Ruth Kimchi and Mary Peterson showed 46 undergraduates pictures like the ones at the beginning of the post, only instead of a or b, the pictures contained grids of randomly-arranged black and white squares, like this:
These grids were shrunk down to tiny-size and then placed in front of the backgrounds with the columns/spaces, like this:

These pictures flashed by quickly (in about a half-second), and viewers had to indicate as rapidly as possible whether any of the squares changed from black to white or white to black. This was repeated dozens of times. Meanwhile, the background image — those curvy lines defining columns or spaces between columns — were being changed systematically between 40 different images. Sometimes the area around the grid was a column, and sometimes it was a space (as defined by the orientation of the convex curves).
So, did the figure – versus – ground distinction have any impact on the responses to the grid task? Yes, in a very interesting way. When the grids were the same, viewers were better at identifying them when the backdrop maintained the same organization of columns and spaces (remember, the backdrop always changed — it’s just that sometimes the location of the columns and spaces changed, and sometimes they stayed in the same location). When the grids changed, viewers were better identifying them when the backdrop changed. This graph summarizes the results:
Inverse efficiency is a combined measure of speed and accuracy, where higher scores are worse. So when both the backdrop and the grid changed, then viewers were better at identifying changes in the grid. When they both stayed the same, viewers were better at identifying the fact that the grid stayed the same. Yet at the end of the study, when viewers were surprised with a question about whether the last grid they saw was in a shape or the space between shapes, they couldn’t answer accurately. They also couldn’t accurately tell whether the organization of the backdrop had changed the last time they had seen it.
In a separate experiment where viewers were only asked about the backdrop, they could easily identify its orientation and whether it had changed.

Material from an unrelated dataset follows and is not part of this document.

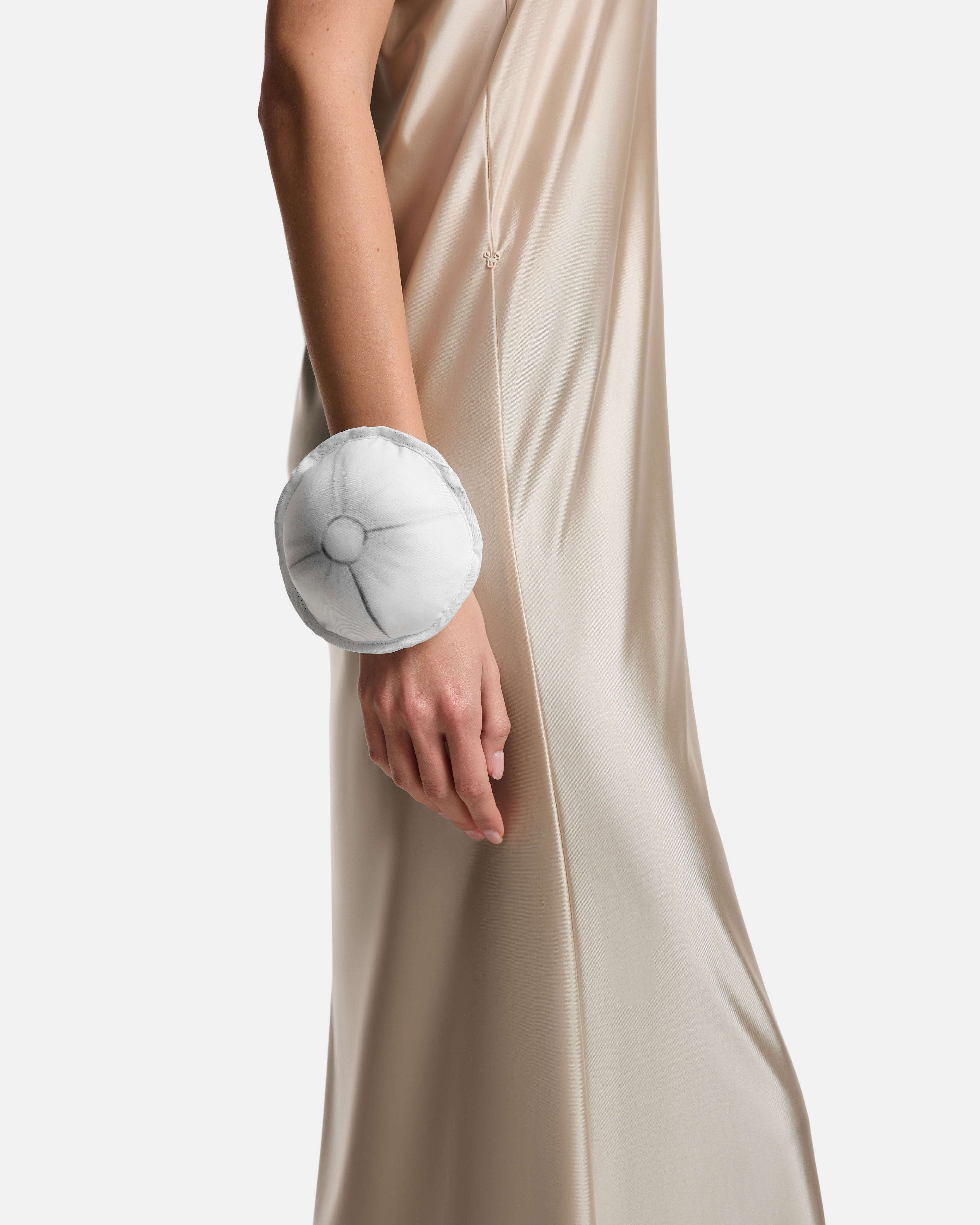 Переосмыслили портновскую игольницу — превратили её в браслет. Круглая подушка с тем же принтом Carriage Tie, что и на сумке: мягкие линии, расходящиеся от центра, полутона и эффект объёма при полностью гладкой поверхности. На запястье сидит уверенно — благодаря резинке. Маленький объект-акцент.

Kimchi and Peterson say this demonstrates that we don’t have to be paying attention in order to process the difference between figure and ground — at least in this case, it’s not a process that we’re consciously aware of. They do point out that there are many other ways people determine the difference between the object and its background, like continuity of color, familiarity, and width of an object’s base. Different methods may require different levels of attention. But in this case, attention clearly isn’t needed.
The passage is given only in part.